Ein Auftrag aus unserer Arbeit im Social Impact Camp lautete: „Bereinige das Transkript." Zurück kam ein glatter, gut lesbarer Text. Darin waren Stellen, an denen niemand gesprochen hatte, zu echten Aussagen geworden, weil die Spracherkennung bei Stille höfliche Floskeln erfindet und der Agent sie für Inhalt hielt.
Der Auftrag war handlich formuliert, ihm fehlte nur eine prüfbare Form. Am fertigen Text ließ sich nicht erkennen, wo der Agent eine Entscheidung getroffen hatte und wo er abgeschrieben hatte, und damit stand die eigentliche Frage im Raum: Welchen Ausschnitt der Arbeit übergibst du überhaupt?
Das Wichtigste in Kürze
- Prüfbarkeit schlägt Größe.
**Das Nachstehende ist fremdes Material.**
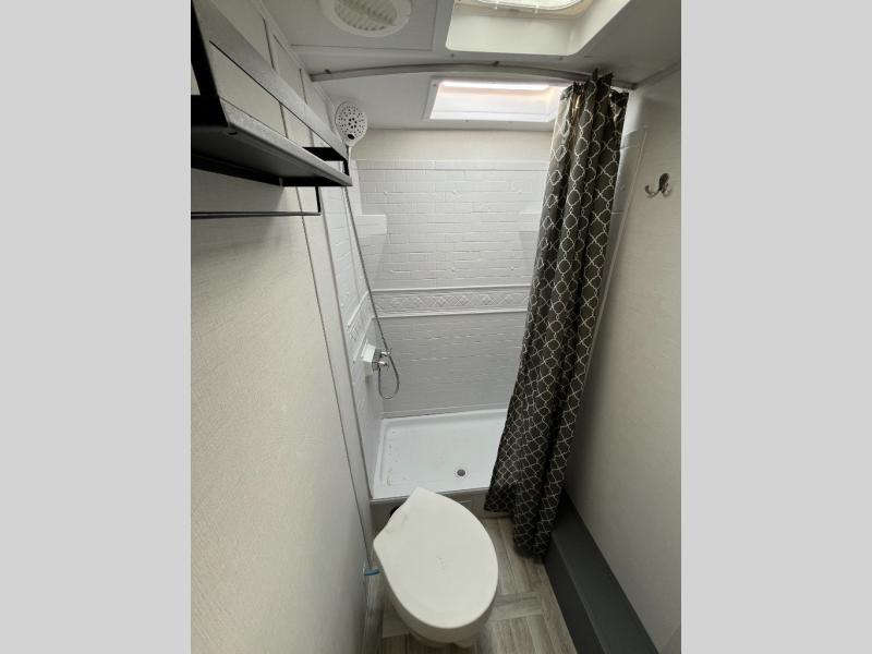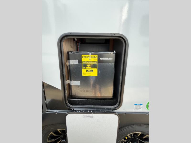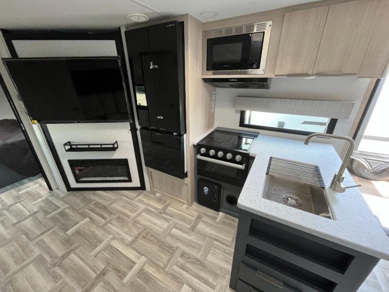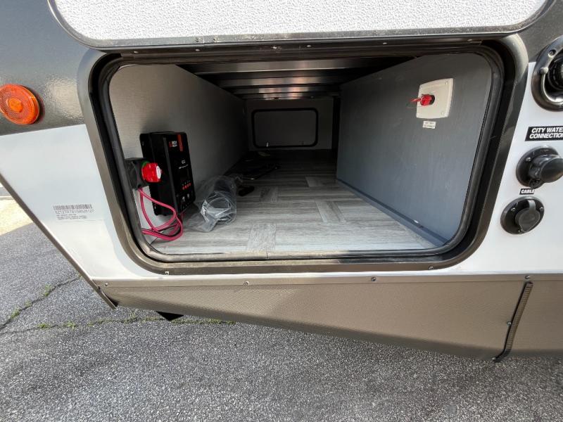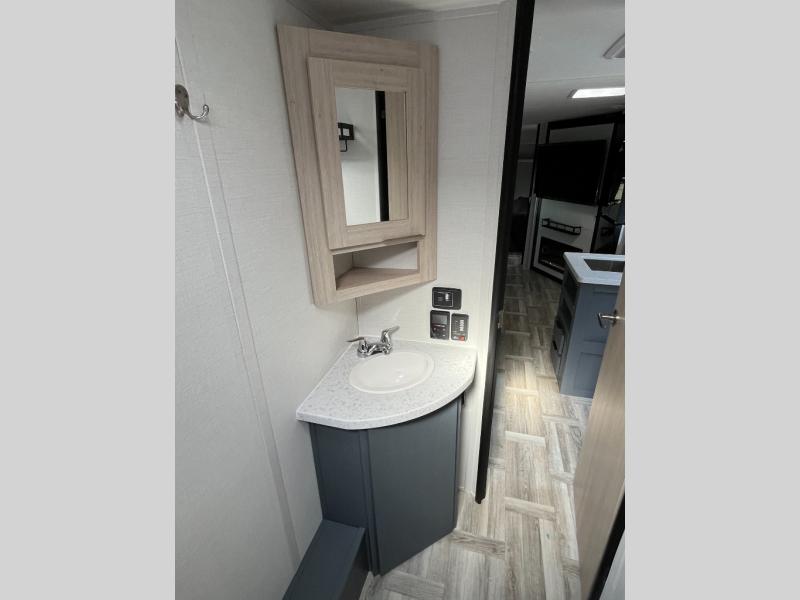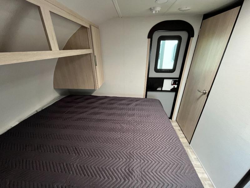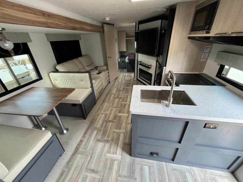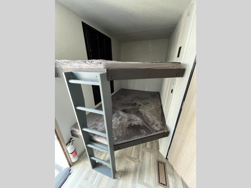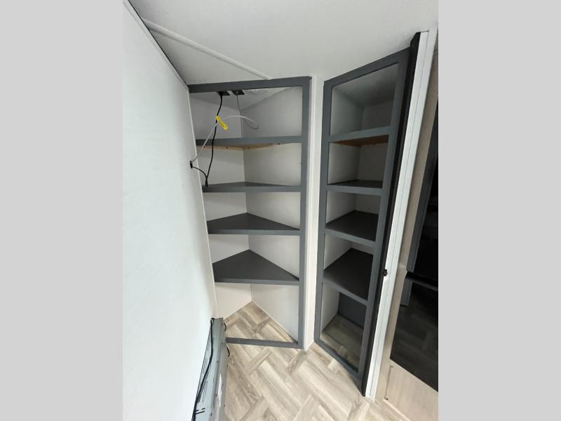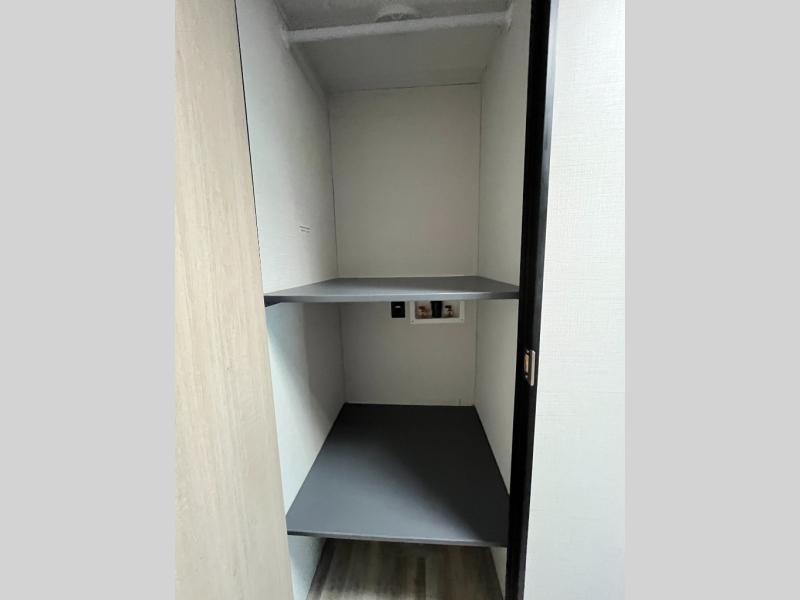 If you're looking for more comfort and a larger sleeping capacity in your next RV, this travel trailer is the one! There are double-size bunks in the rear corner, along with a ladder to easily hop into bed, and the full bath is in the other rear corner for easy nighttime use. You'll enjoy the front private bedroom with its queen bed and dual wardrobes for your things, and a separate closet with washer and dryer prep if you choose to add those appliances. And one of the dual entry doors is located here so you can easily slip out in the morning without waking everyone else up in the trailer! In the morning, you can make breakfast in the full kitchen, then dine at the booth dinette within the large slide out. There is also a theater here for more comfort. This travel trailer also includes plenty of storage space, including a walk-in pantry with shelves, an additional storage closet, and a pass-thru storage outside for fishing poles!

Ein Auftrag ist richtig geschnitten, wenn du am Ergebnis in wenigen Minuten erkennen kannst, ob er erledigt ist.
- Drei Trennschnitte teilen eine zu große Aufgabe. Sie verlaufen an der Entscheidung, am Datenzugang und an der Prüfbarkeit.
- Abwägungen bleiben bei dir. Was Folgen nach außen hat, entscheidest du; der Agent bereitet die Abwägung vor.
- Fehlender Zugang wird ein eigener Auftrag. Der Agent arbeitet mit den Quellen, die er lesen kann.
- Ein guter Zuschnitt macht Unsicherheit sichtbar. Markierte Zweifelsfälle gehören zum Ergebnis.
Was an „Bereinige das Transkript" fehlte
Ein Transkript ist der Text, den eine Spracherkennung aus einer Aufnahme macht. Wir zeichnen die Camp-Abende auf, ein offenes Montagsformat von Quandes Projects e. V., damit jede Person nachlesen kann, was besprochen wurde. Der Rohtext dieser Erkennung ist unsauber, und das Aufräumen war eine der ersten Aufgaben, die wir einem Agenten übergeben haben.
Mit Agent ist dabei mehr gemeint als ein Chatfenster. Es ist ein Sprachmodell, das einen Arbeitsauftrag in mehreren Schritten abarbeitet, dabei auf Dateien zugreift und am Ende ein Ergebnis ablegt. Es arbeitet ohne Rückfrage durch, und was im Auftrag offen bleibt, entscheidet es selbst.
Der Auftrag klang eindeutig. Ein Transkript enthält Hörfehler, die soll der Agent glätten. Beim Arbeiten zerfällt diese eine Aufgabe aber in mehrere Entscheidungen, die unterschiedlich sicher zu treffen sind.
Kali für KI ist ein Hörfehler mit klarem Bezug, den kannst du gefahrlos korrigieren. Feierheits könnte „Freiheiten" heißen, das ist eine begründete Vermutung. Und eine Passage aus zusammenhanglosen Wortfetzen war ein Artefakt der Aufnahme, das sich keiner Wortmeldung zuordnen lässt.

Der Agent hat alle drei Fälle gleich behandelt und in flüssige Sätze verwandelt. Das Ergebnis war ein Text, dem man nicht ansehen konnte, an welcher Stelle er erfunden war. Wer ihn prüfen wollte, musste die Aufnahme erneut hören. Damit war die Zeitersparnis weg.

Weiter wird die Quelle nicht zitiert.